As summer vacation comes to an end and school begins, many children find it hard to return to their school routines. This task may be even more difficult for children with sensory processing challenges.
Sensory processing refers to the ability to receive sensory information from the surrounding environment, combine it with internal sensory information from one’s own body, and process it into a coherent understanding of what is occurring in a given situation and what the appropriate response should be.
About five to 10 percent of young children exhibit significant behavioral and adaptive problems that are linked to difficulties in sensory processing. Returning to school after a long vacation can easily become an overwhelming experience. With this in mind, along with a few easy steps directed to control the classroom environment, parents and teachers can reduce potential frustration and help children with sensory processing challenges have an easier transition as they return to school.
- Make sure that all materials have an organized and labeled place where they belong.
- Limit the amount of extraneous visual materials hanging from the ceiling and on the walls.
- Make children’s schedules as predictable as possible.

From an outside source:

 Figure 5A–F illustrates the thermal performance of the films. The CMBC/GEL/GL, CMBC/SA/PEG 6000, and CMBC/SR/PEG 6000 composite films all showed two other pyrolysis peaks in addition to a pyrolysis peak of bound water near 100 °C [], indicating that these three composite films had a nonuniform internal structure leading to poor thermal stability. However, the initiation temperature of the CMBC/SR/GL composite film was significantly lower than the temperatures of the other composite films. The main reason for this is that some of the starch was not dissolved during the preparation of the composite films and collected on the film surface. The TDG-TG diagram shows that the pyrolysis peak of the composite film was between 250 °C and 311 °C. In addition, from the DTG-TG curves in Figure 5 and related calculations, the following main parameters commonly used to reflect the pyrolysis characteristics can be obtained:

- Discuss potential events before they occur to help children prepare for possibly overwhelming situations.
- Help young children make transitions between activities by creating theme songs.
- Help young children to become more organized by choosing for them a certain color for each subject.
- Help children feel more secure by having a consistent place to store their materials once they have completed a task.
- Limit extraneous auditory input from the hallway by closing the classroom door.
- Seat the child who is easily distracted further away from open windows or doors.
- As much as possible, give children an advance notice before the occurrence of loud noises.
Creating an optimal classroom environment for children with sensory processing challenges can have a great impact on their success during the school year. In addition, parents should make sure that their children with sensory processing challenges receive the assistance of qualified health-care professionals, including licensed occupational therapists, who can devise regimens that support children’s growth and development.